Damson jam is a big favourite in this house.  I love it and my youngest adores it too.  We are lucky enough to have a couple of damson trees in the garden and they produce well most years.  I usually make something with them before freezing some for that lovely winter treat stewed damsons.  Sometimes I will make pickled damsons, otherwise damson vodka (very popular round here for some reason) or damson jam and if I am feeling especially productive I will manage all three.  This week is the turn of the jam. It is very easy to make and very delicious to eat. The same recipe can be used for plums of any description.

This makes about 6-7 jars of varying sizes or 8 lb jars

1.5kg damsons
1.25kg granulated sugar
400ml water


I can never be faffed to stone my damsons before making this jam and so I cook them whole and then scoop most of the stones out before pouring into the jars and then take the rest out when spreading on my  bread. But if you have more patience than I do then go ahead and stone the damsons/plums.
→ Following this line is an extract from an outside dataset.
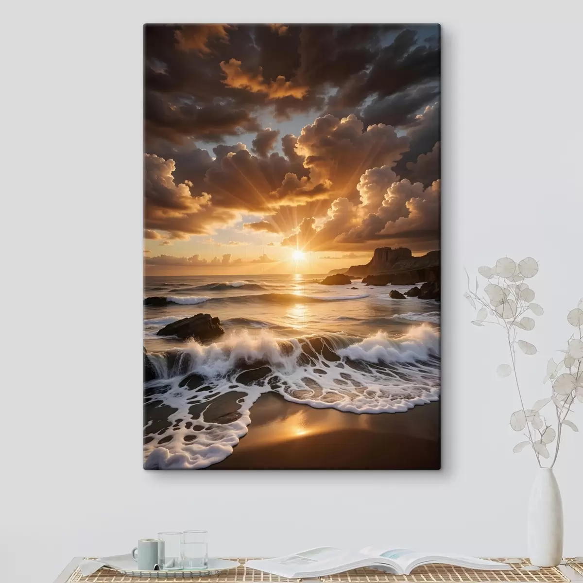 Quadri Un tramonto drammatico su una costa rocciosa, con onde che si infrangono e nuvole drammatiche nel cielo Nr s41245
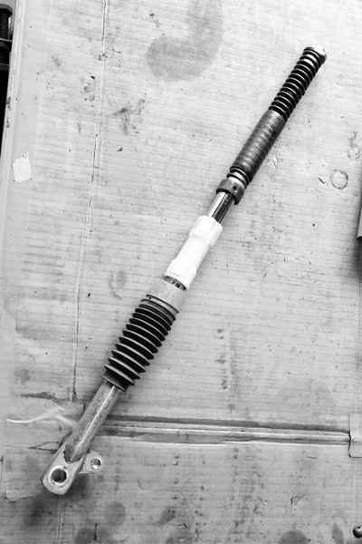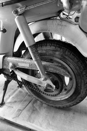 前回からスタートした本企画、今回は足周りをチェックしていきますよ〜。エンジンがかかっても、足周りがダメでは、まともに走ることができませんからね! という訳で車体からフロントホイール、前後サスペンションを外して状態をチェック。ホイールはサビこそ浮いてはいるものの、変形や腐食などはないので問題なし! 現役続行決定です。ブレーキはというと、パネルを開けてビックリめちゃくちゃ綺麗! あかおぎの鈴木さんも驚きの状態でした。前後サスも確認してみましたがとりあえずこのまま使えそう。ちなみに僕のシャリィ、メーター上は走行距離が約1700㎞。譲ってもらった当初は「そんなに少ないわけ無いっしょ!」って感じで信用してなかったのですが、各部を見ていくと、前回のエアクリや今回のブレーキシューなど、その数字が正しいこと裏付ける事実ばかり出てきます(笑)。

Put the prepared damsons/ plums (i.e stems removed, any over ripe ones removed, washed) into a preserving pan with the water.  Simmer for about ten minutes until the fruit is soft. It may take longer for some varieties and some may be ready sooner so keep an eye on things.

Add the sugar and stir until dissolved.  Bring to boiling point and boil rapidly until setting point is achieved.  Setting point can be tested by placing 4 saucers in the fridge before you start making the jam and then you pour a teaspoonful of the jam onto a cold saucer.  Leave to cool for a minute or so and then push the jam with your finger, if it wrinkles, it is at setting point. If it doesn’t wrinkle then boil for a few more minutes and then test again.  Otherwise use a jam thermometer and it is ready when it reaches 104.5°c.

Remove any scum that has risen to the surface. Pot into sterilised jars and cover whilst hot.